■ What you should do: Your task is to copy the listing exactly, with the pictures left out.

■ Data:
============================================================

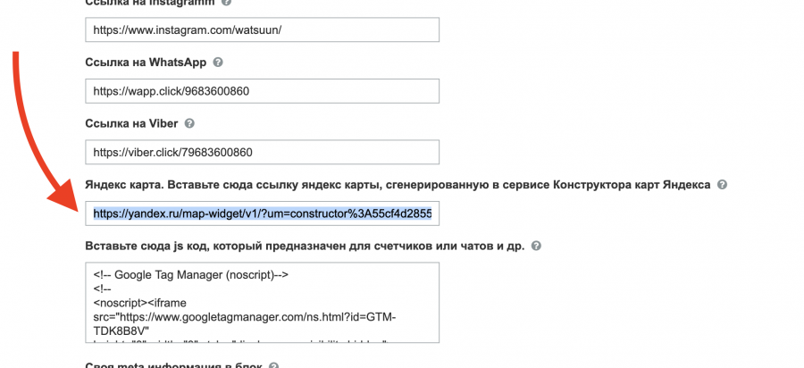 - Скопируйте полученную ссылку, затем перейдите в настройки шаблона в раздел Информация и пролистайте до поля "Яндекс карта"
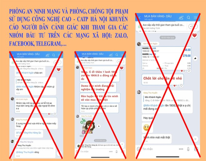 Các đối tượng giới thiệu đây là nhóm giao lưu và hỗ trợ anh em “mua bán vàng dầu các cặp ngoại tệ online; kiếm lợi nhuận trên sự chênh lệch tỷ giá”. Trong nhóm có nhiều “cò mồi” xác nhận đã thu được lợi nhuận và rút được tiền đúng như giới thiệu ban đầu. Chị P thấy đây là thủ đoạn đã được tuyên truyên trên các phương tiện thông tin đại chúng nên đã rời khỏi nhóm Zalo lừa đảo trên và may mắn không bị mất tiền.
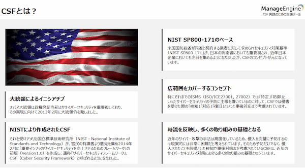 そこで、ゾーホージャパンはCSFのポイントをまとめた要約版「サイバーセキュリティフレームワーク(CSF)の実践におけるヒント」を作成し、無償提供する運びとなりました。

============================================================

■ Solution for this problem:
 - Скопируйте полученную ссылку, затем перейдите в настройки шаблона в раздел Информация и пролистайте до поля "Яндекс карта"
 Các đối tượng giới thiệu đây là nhóm giao lưu và hỗ trợ anh em “mua bán vàng dầu các cặp ngoại tệ online; kiếm lợi nhuận trên sự chênh lệch tỷ giá”. Trong nhóm có nhiều “cò mồi” xác nhận đã thu được lợi nhuận và rút được tiền đúng như giới thiệu ban đầu. Chị P thấy đây là thủ đoạn đã được tuyên truyên trên các phương tiện thông tin đại chúng nên đã rời khỏi nhóm Zalo lừa đảo trên và may mắn không bị mất tiền.
 そこで、ゾーホージャパンはCSFのポイントをまとめた要約版「サイバーセキュリティフレームワーク(CSF)の実践におけるヒント」を作成し、無償提供する運びとなりました。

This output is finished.